Perhaps most effective is Vaughn’s success at serving as the unified voice for Salemi and Shabaz from the master control room. Gross works on his own channel to connect with camera operators while Vaughn has one ear with the master control crew and one with Salemi as she spins her nightly masterpieces.
“Most teams don’t have a position like mine,” said Vaughn. “It’s common in broadcast trucks to have a director and a producer working together, but less so in game presentation. While Alex is calling cameras and focusing on the hockey [and fan reactions], I’m looking to organize replays and graphics and any fun stuff, maybe find a certain celebrity in a suite working with a robo-op [wireless camera operator] … Caitlin is three or four steps ahead of me and I’m one or two of steps ahead of Alex so he puts up the content [on the boards] at just the right moment each time.”
Amplifying the Kraken Rally ‘Time’
On this night, during a late-game timeout, Salemi chooses a video montage of famed TV/movie sports coaches from the likes of “Friday Night Lights,” “Any Given Sunday” and, naturally, Team USA coach Herb Brooks (played by actor Kurt Russell) with the finale sound bite, “This is our time!” The crowd instantly goes high decibels.
Soon after, Montour is chasing a puck deep in the Montreal zone and passing to Shane Wright in the high slot.

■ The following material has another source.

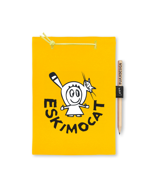 Blok A4 s vyměnitelnými papíry. Na přední straně možnost výběru z více než 300 potisků. Vyrobeno ze 100% bavlny. Výběr z 28 barev. Tiskneme ručním sítotiskem. V horní části blok A4 stažen žlutou gumičkou. 60 listů s perforací pro snadnější odtržení. Žlutá guma ve spodní části pro zajištění obalu. K bloku získáte i tužku #UAXDESIGN
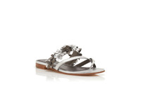 Silver nappa leather open toe flat sandals featuring crossover front straps with toe stem and instep strap with tonal decorative flowers. Finished with flat stacked heel. Upper: 100% lamb nappa. Sole: 100% calf leather. Lining: 100% kid leather. Heel measures 10 mm. Italian sizing. Made in Italy. Product ID: 225-1766-0001

Wright one-times a shot for a goal that cuts the lead to 3-2 at 15:17 of the third period. Fans are full throttle, seconds later spontaneously chanting, “Let’s go Kraken!” as Salemi and the control room show crowd shots and replays of the goal.
During a stoppage with 2:38 remaining, Salemi is the first headset voice to note the Kraken net is empty. She clearly knows the sport, the first to call penalties and icing all game. She tells the channel, “Be ready with the energy meter please” if there is a [Kraken] offensive zone faceoff break. Montour, with assists from Vince Dunn and Jaden Schwartz plus Jordan Eberle screening net front, scores the regulation equalizer before the energy meter is tapped. Pure decibels of joy ensue.
Where It Starts is Where We End
The game-night entertainment show has officially won awards from relevant professional organizations, but most of all has fans talking to other fans, friends, hockey newbies, you name it. It’s proper to give props and a virtual standing ovation for all participants in both the 1:30 p.m. gameday run-of-show meeting held by Salemi and the 4 p.m. camera position meeting led by Gross, who always asks for any “good news” (Tuesday included one robo-cam operator happily reporting “the raccoons have returned” to his yard).
But there is only one place we can finish. That is with the passion for hockey Salemi first gushed as a young girl and now pours into Kraken home nights with a calm, witty, urgent and grateful game-entertainment call. The launch point came from attending one of many ECHL games with her parents while growing up in Hampton Roads, VA.
“I grew up in a hockey household,” said Salemi. “When I was eight, we were at a game. I turned to my dad, asking, ‘Why can’t girls play?’ He was like, ‘They can.’ So I started playing [on boys’ teams with the Juniors Admirals] and played up until I got pregnant with my son [who is now 11, older brother to a six-year-old sister].”
The hockey love fully blossomed over 11 seasons with the American Hockey League Rochester Americans before getting her chance at a long-pursued NHL opportunity with the Seattle expansion franchise. She started in a support role and gradually advanced to calling game entertainment for all Kraken home matchups this season and last.
“I simply love the sport as a whole and value the community aspect I can bring in to fans each game night,” said Salemi. “I really like being able to showcase our players, and bringing the fans closer to them…The best part is I see this as my way giving back to the sport that did so much for me growing up while getting fans to fall in love with it too.”